🤖 AI Summary
Existing visual/visual-language affect recognition benchmarks suffer from three critical limitations: (1) a narrow affective spectrum—incapable of capturing nuanced states such as bitterness or euphoria; (2) ambiguous inter-class boundaries—e.g., shame vs. embarrassment; and (3) severe data biases—including pervasive facial occlusion and insufficient demographic diversity. To address these, we introduce EmoNet Face—the first high-fidelity, fine-grained affect recognition benchmark tailored for synthetic images.

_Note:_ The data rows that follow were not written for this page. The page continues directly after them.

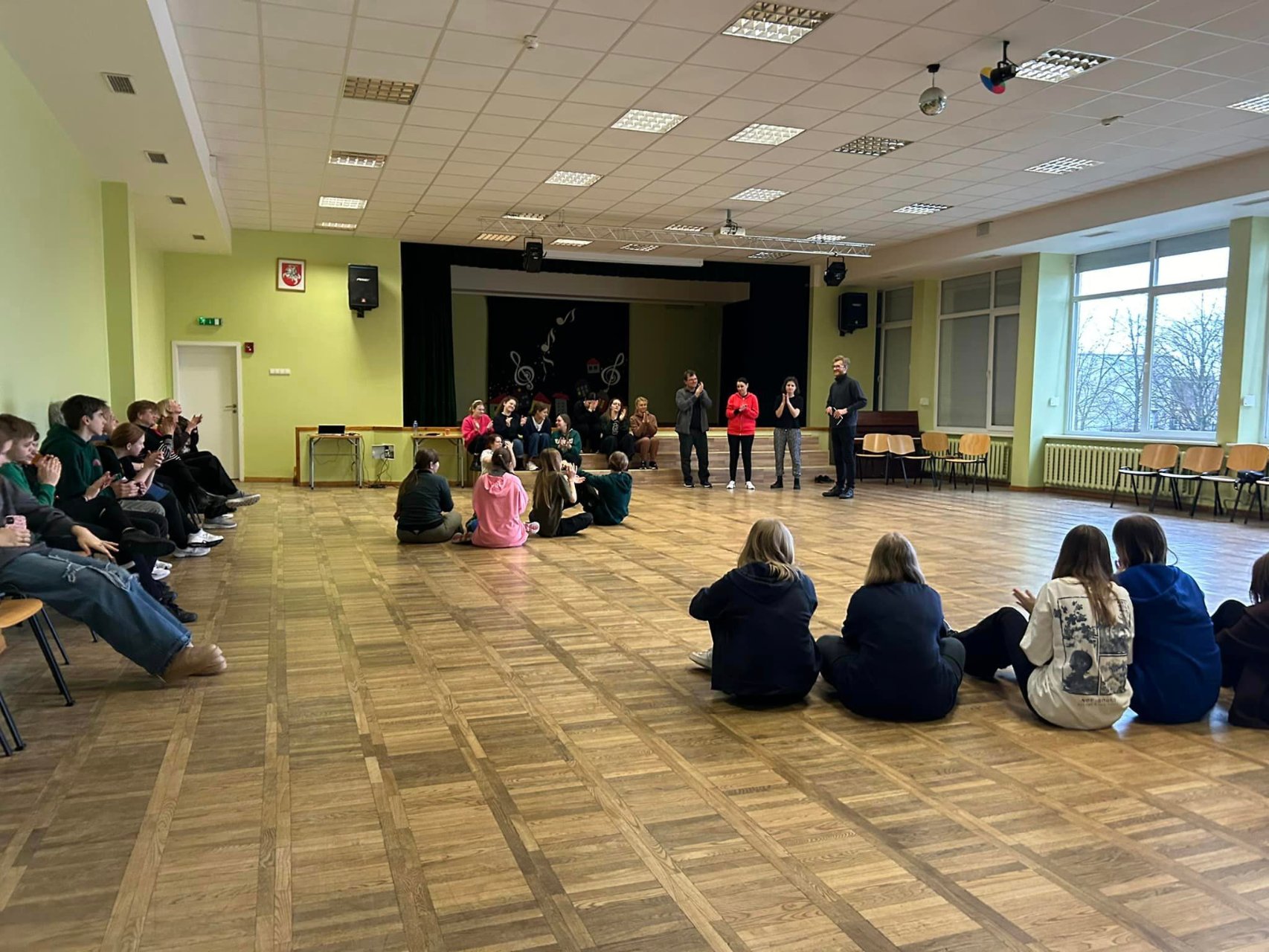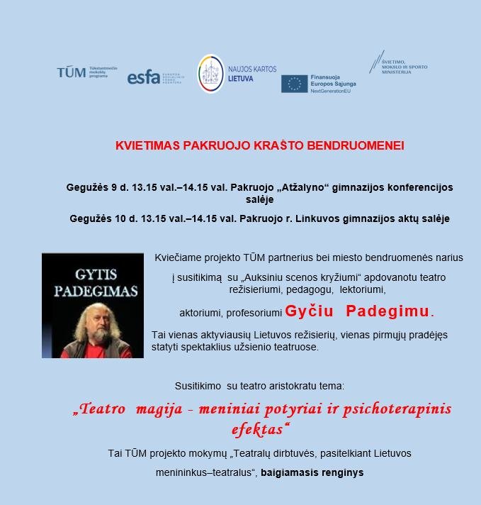 Gegužės 9 dieną mūsų gimnazijoje vyko TŪM projekto mokymų „Teatralų dirbtuvės, pasitelkiant Lietuvos menininkus-teatralus“, baigiamasis renginys, kurį vedė įžymus lietuvių teatro režisierius, profesorius, rašytojas Bernardas Gytis Padegimas. Gerbiamas profesorius mus mokė, kaip atrasti, pažinti ir ugdyti savo vidines galias, susikoncentruoti ir valdyti savo dėmesį, lavinti vaizduotę, kaip išmokti atpalaiduoti ir valdyti kūną. Jis mus supažindino su keturių stichijų (oro, vandens, žemės ir ugnies) judesiais bei paaiškino jų svarbą mūsų kasdieniniame gyvenime.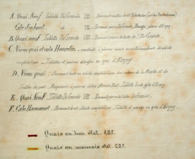 Légende de l'avant-projet de construction d'un quai et de curage du port, 1884 (AD 22)Immatriculation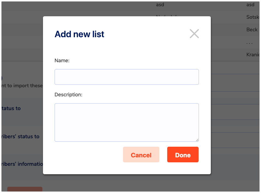 To create a new list, simply click on the ” + New List” button and type a Name and Description (optional) for it: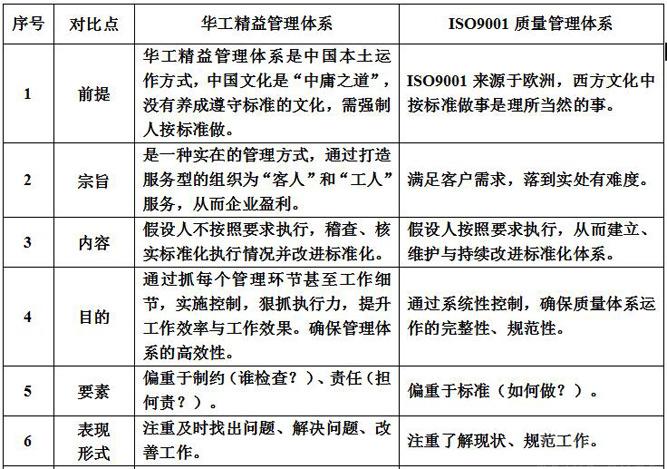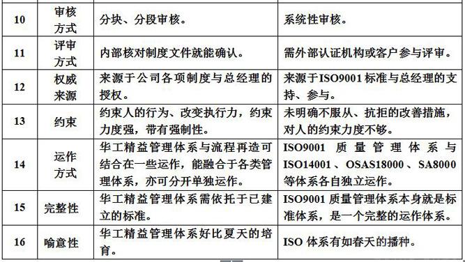 我們從執行的角度來分析對比下,華工精益與ISO的區別: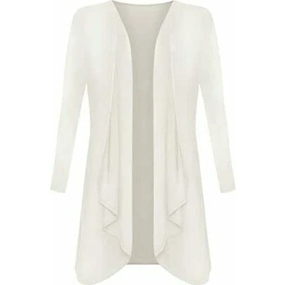 LUXE DIVA Womens Ladies Plain Draped Open Waterfall Boyfriend Cardigan Asymmetric Irregular Hanky Hem Long Sleeve Cardi Top Loose Baggy Jacket Blazer Cream
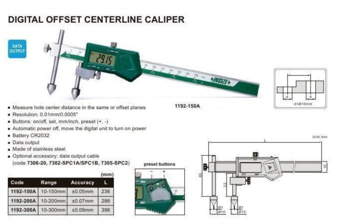 DIGITAL OFFSET CALIPER - INSIZE 1192-150A 10-150mm

Our approach comprises: (i) a cognitively grounded 40-category affect taxonomy ensuring perceptual discriminability; (ii) controllable face modeling to generate large-scale, fully visible, demographically balanced AI-rendered faces; and (iii) a multi-expert collaborative annotation protocol coupled with fairness-aware data balancing. We release three complementary sub-datasets and the EmpathicInsight-Face model, which achieves human-expert-level annotation consistency on EmoNet Face (Cohen’s κ = 0.89).
📝 Abstract
Effective human-AI interaction relies on AI's ability to accurately perceive and interpret human emotions. Current benchmarks for vision and vision-language models are severely limited, offering a narrow emotional spectrum that overlooks nuanced states (e.g., bitterness, intoxication) and fails to distinguish subtle differences between related feelings (e.g., shame vs. embarrassment). Existing datasets also often use uncontrolled imagery with occluded faces and lack demographic diversity, risking significant bias. To address these critical gaps, we introduce EmoNet Face, a comprehensive benchmark suite. EmoNet Face features: (1) A novel 40-category emotion taxonomy, meticulously derived from foundational research to capture finer details of human emotional experiences. (2) Three large-scale, AI-generated datasets (EmoNet HQ, Binary, and Big) with explicit, full-face expressions and controlled demographic balance across ethnicity, age, and gender. (3) Rigorous, multi-expert annotations for training and high-fidelity evaluation. (4) We built EmpathicInsight-Face, a model achieving human-expert-level performance on our benchmark. The publicly released EmoNet Face suite - taxonomy, datasets, and model - provides a robust foundation for developing and evaluating AI systems with a deeper understanding of human emotions.